Holding Government Officials Accountable: Mongolia’s Fight Against Corruption
February 24, 2010
Last week – February 15 – marked the deadline for Mongolia’s highest-level officials and civil servants to reveal all: all of their financial and material worth, that is. Civil servants and officials were required to submit Asset and Income Disclosure (AID) statements by that deadline, with disclosures from the top 270 officials posted on a public website. Collecting the statements is one of the main responsibilities of the Independent Authority Against Corruption (IAAC) of Mongolia, established soon after the passage of the Anti-Corruption Law in 2006. The legislation requires that the president of Mongolia, all Parliament members, judges, central bank governors, auditors, prosecutors, civil servants of ministries, implementing and regulatory agencies, local government authorities, and state-owned entities must submit their AIDs every year.
To say corruption is pervasive in Mongolia would be an understatement. It has been ranked in the top five of Mongolia’s most critical problems for four years running, in benchmarking surveys conducted by the Sant Maral Foundation with Asia Foundation support.
Since 2006, when the IAAC was first established, the Mongolian government has attempted to fight corruption using Hong Kong’s three-pronged approach: deterrence, prevention, and education. AIDs are a proven tool in that approach to help increase transparency and accountability.
The IAAC posts the disclosures on this website for broad public scrutiny, and also publishes them in the State Bulletin, an act which makes them official and legally-binding documents. IAAC also provides training to civil servants, developed a simple manual for completing the disclosure form accurately, and operates a hotline to respond to inquiries. As a result of IAAC’s efforts, submission compliance was 95.2 percent with 39,855 disclosure forms in 2007, the first year of AID collection, and reached 99.8 percent in 2009 with 52,916 forms submitted.
Once disclosure statements are collected, IAAC reviews, investigates, and analyzes them. So far, IAAC has identified 297 officials who either willfully misstated their assets and income or submitted their statements late. They are then reported to the relevant civil servant’s ministry or agency head for administrative measures, such as reduction in salary and a write-up in their personnel files, or even dismissal, as occurred in at least one case. Many identified as submitting false statements are senior officials, including: vice director of the General Authority of Civil Aviation (dismissed from his position in 2008 for willfully misstating his assets and income); senior officials from the Ministry of Finance and Petroleum Authority of Mongolia; director of Ulaanbaatar Customs Department; and the governor of Bayangol District in Ulaanbaatar.

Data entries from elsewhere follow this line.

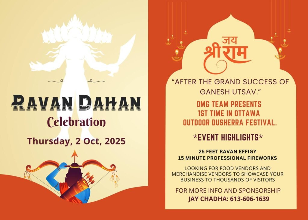 Be part of history at Ottawa’s first outdoor Dussehra Festival! This grand community celebration features a live Ram Leela performance, the burning of a towering 25-ft Ravan effigy, and a dazzling 15-minute professional fireworks show. Families and friends can enjoy delicious Indian food, vibrant vendor stalls, and cultural entertainment, creating an unforgettable festive evening in the nation’s capital.
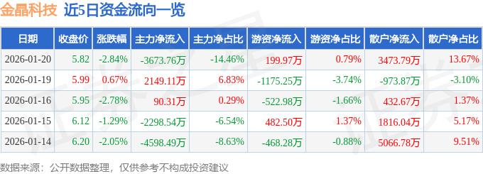 1月20日的资金流向数据方面,主力资金净流出3673.76万元,占总成交额14.46%,游资资金净流入199.97万元,占总成交额0.79%,散户资金净流入3473.79万元,占总成交额13.67%。
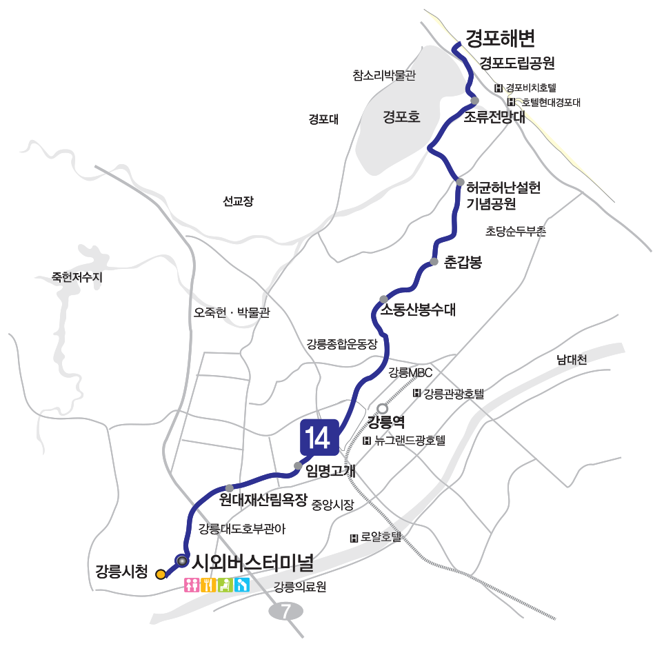 강릉 시청에서 출발하여
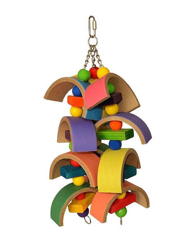 12 mitades de aro de cartón gigante son la base principal de este entretenido y colorido juguete. Contiene además viarios bloques de madera y multitud de bolas de plástico que mantendrán entretenido a cualquier loro de mediano y gran tamaño.
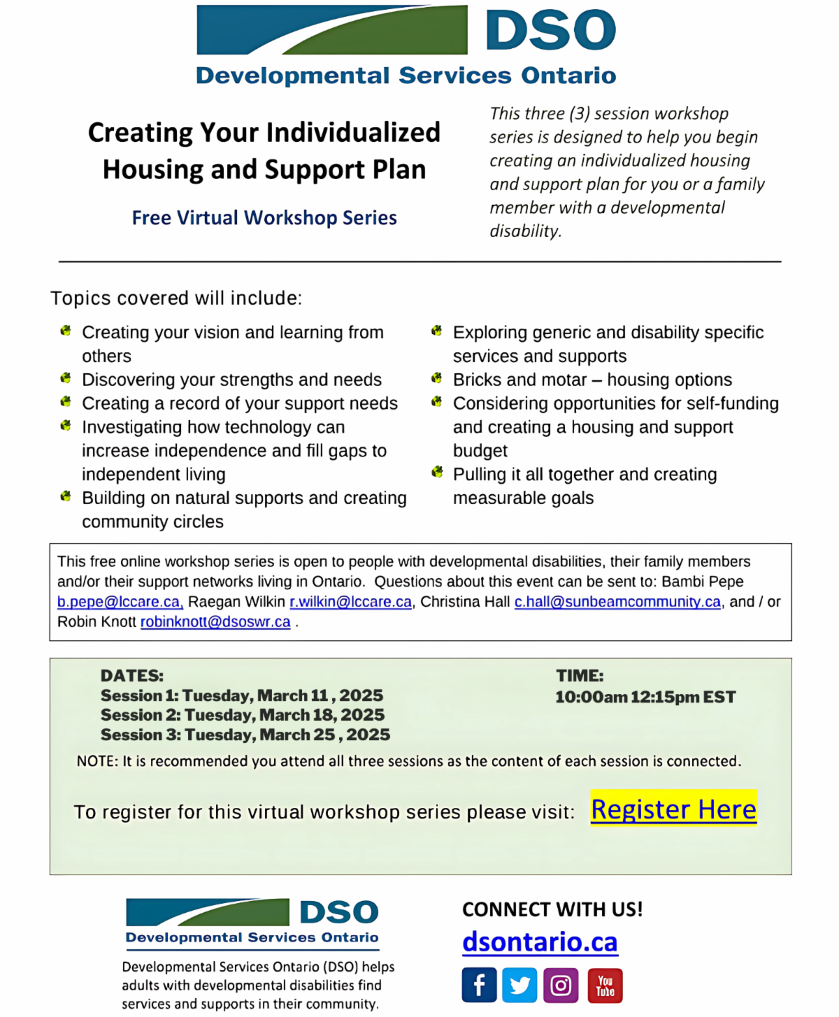 The "Creating Your Individualized Housing and Support Plan" workshop series is a three-session virtual program designed to help individuals and families begin developing a personalized housing and support plan for those with a developmental disability. The sessions will take place on three consecutive Tuesdays, starting March 11th, with additional sessions on March 18th and March 25th, each session starting at 10:00 a.m. to 12:15 p.m. This workshop series offers valuable guidance on navigating housing options and identifying the necessary support services. Participants can register through the provided link and take the first step in planning for a supported future. | |
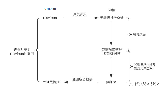从上图可知当用户进程发起IO系统调用后,内核从准备数据到拷贝数据到用户空间的两个阶段期间用户调用线程选择阻塞等待数据返回。

Mongolian television and print media cover each of these cases extensively, further exposing their wrong-doing and fueling public dismay at civil servants who are corrupt. With IAAC’s engagement and collaboration with media, journalists have been increasingly using the assets and income disclosures in their reporting. Clearly, the statements are an effective first step in holding government officials accountable and increasing transparency in the civil service of Mongolia.